[Opening Material for this exercise section]

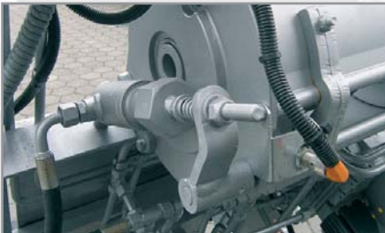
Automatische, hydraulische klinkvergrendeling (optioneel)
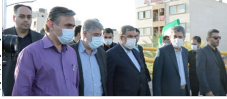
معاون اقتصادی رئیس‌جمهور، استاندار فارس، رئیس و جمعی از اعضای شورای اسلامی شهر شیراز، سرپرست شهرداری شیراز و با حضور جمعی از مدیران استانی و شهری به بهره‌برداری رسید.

[Closing Material for this exercise section]
[Opening Material for this exercise section]

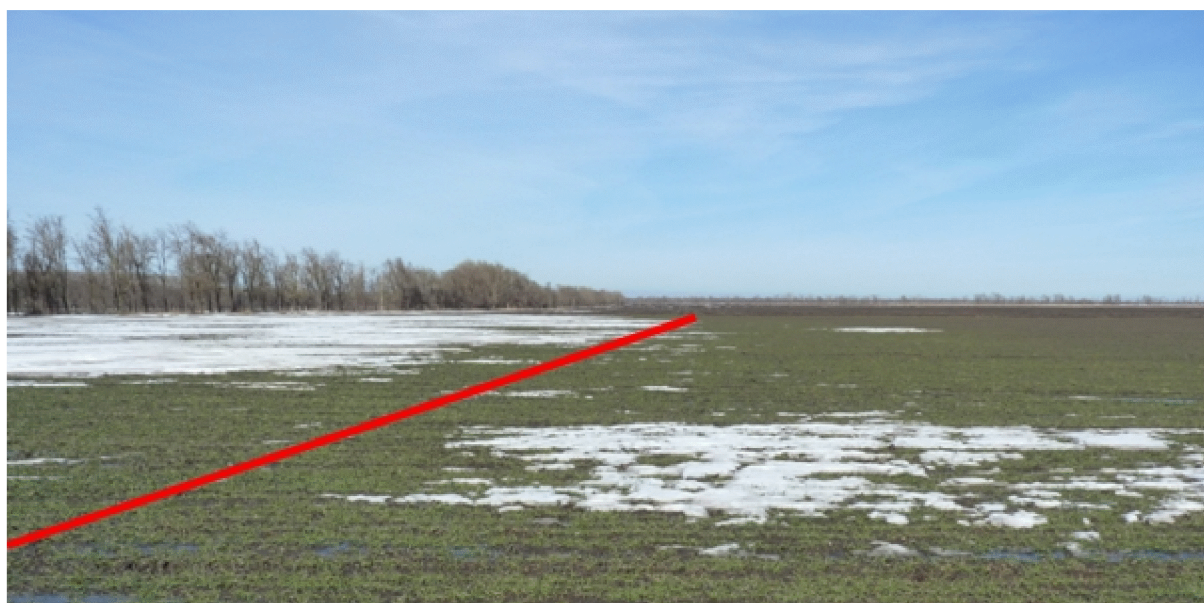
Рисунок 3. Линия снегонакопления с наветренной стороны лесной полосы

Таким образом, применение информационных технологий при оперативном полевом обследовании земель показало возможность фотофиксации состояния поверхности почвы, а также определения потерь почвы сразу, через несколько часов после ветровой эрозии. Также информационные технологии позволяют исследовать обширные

[Closing Material for this exercise section]

Directions for this task:
Though the entries above contain pictures, none should be copied; reproduce only the lines between the one holding "Automatische, hydraulische klinkvergrendeling" and the one holding "معاون اقتصادی رئیس‌جمهور،", inclusive, exactly as written.

Your response:
Automatische, hydraulische klinkvergrendeling (optioneel)
معاون اقتصادی رئیس‌جمهور، استاندار فارس، رئیس و جمعی از اعضای شورای اسلامی شهر شیراز، سرپرست شهرداری شیراز و با حضور جمعی از مدیران استانی و شهری به بهره‌برداری رسید.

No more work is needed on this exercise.